# Clustering
Continuum v0.5 uses BEAM distribution for low-latency routing between nodes. It
does not start or configure a clustering transport for your application. Use the
tooling you already operate, such as DNS clustering, libcluster, releases with
known node names, or your platform's service discovery, and make sure
`Node.list/0` contains the other application nodes.
## Routing Model
Continuum starts a `:pg` scope named `:continuum`. Every live workflow engine
joins the group `{instance_name, run_id}` while it owns a run. When a signal,
timer, or other wake reaches a node that does not own the local engine,
`Continuum.Runtime.Engine.wake/2` first checks the local `Registry`, then forwards
the wake to a `:pg` member if one is present.
`:pg` is advisory. The Postgres lease and fencing token remain the authority for
journal writes. If a stale node is still listed in `:pg`, its next write fails the
lease check and the heartbeater stops that engine.
## Failure Recovery
Node failure recovery is lease-expiry based in v0.5.0. A run abandoned by a dead
node becomes claimable after its lease TTL expires, then any node's dispatcher can
resume it from the journal.

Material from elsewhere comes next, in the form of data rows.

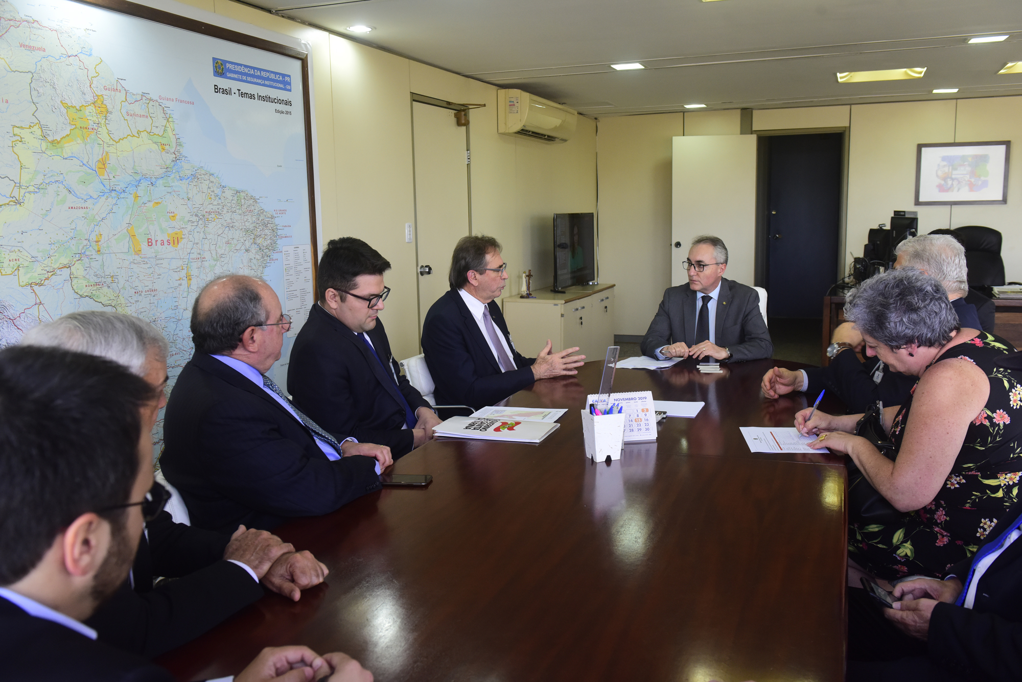 Florianópolis, 9.10.2019 – Em audiência com o secretário-executivo do Ministério da Justiça e Segurança Pública, Luiz Pontel de Souza, empresários de Santa Catarina defenderam solução conciliatória para a questão indígena do Morro dos Cavalos. O impasse se arrasta há anos e impede a conclusão do projeto da Ferrovia Litorânea e a conclusão das obras da BR-101 sul. Ao final do encontro, realizado nesta quarta-feira (9), na sede do Ministério, em Brasília, o grupo encontrou o ministro Sergio Moro que se comprometeu em também dar atenção ao assunto. Participaram os presidentes das entidades integrantes do Conselho das Federações Empresariais de Santa Catarina (COFEM), Mario Cezar de Aguiar (FIESC), Bruno Breithaupt (Fecomércio), José Zeferino Pedroso (Faesc), Ari Rabaiolli (Fetrancesc) e Alcides de Andrade Neto (Fampesc). Também participou da audiência o procurador do Estado, Alisson de Bom de Souza.
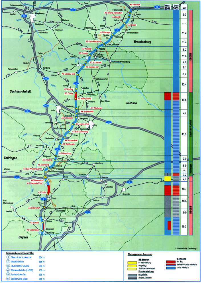 die Abschnitte in Sachsen-Anhalt sind seit November 2003 in Betrieb.
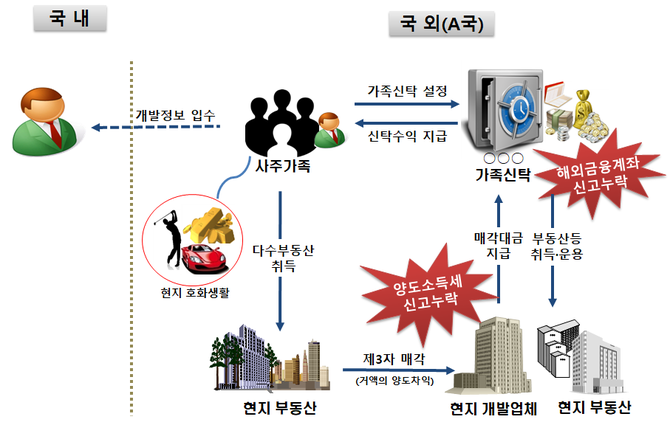 이 회사는 부동산 사들이고 관리하는 것 외에 별도의 사업활동 없었고, A는 해당 회사 지분을 자녀에게 넘겨주는 방법으로 해외부동산을 편법 증여했다.

The default TTL is 30 seconds, so worst-case resume
latency after node death is roughly that TTL plus the dispatcher poll interval.
Activity tasks use the same rule. Boot recovery only requeues leased activity
tasks after their task lease has expired, so a newly booted node does not steal
work from a live worker on another node.
## Observability
Continuum emits `[:continuum, :run, :forwarded]` when a wake is forwarded through
`:pg`, with `:from_node` and `:to_node` metadata. It emits
`[:continuum, :lease, :lost]` when a heartbeater discovers that another owner has
stolen a run lease.
## Test Harness
The repository includes `mix test.cluster`, which runs `test/cluster` with real
`:peer` nodes against the test Postgres database. These tests are excluded from
ordinary `mix test` because Ecto SQL Sandbox transactions do not span BEAM nodes.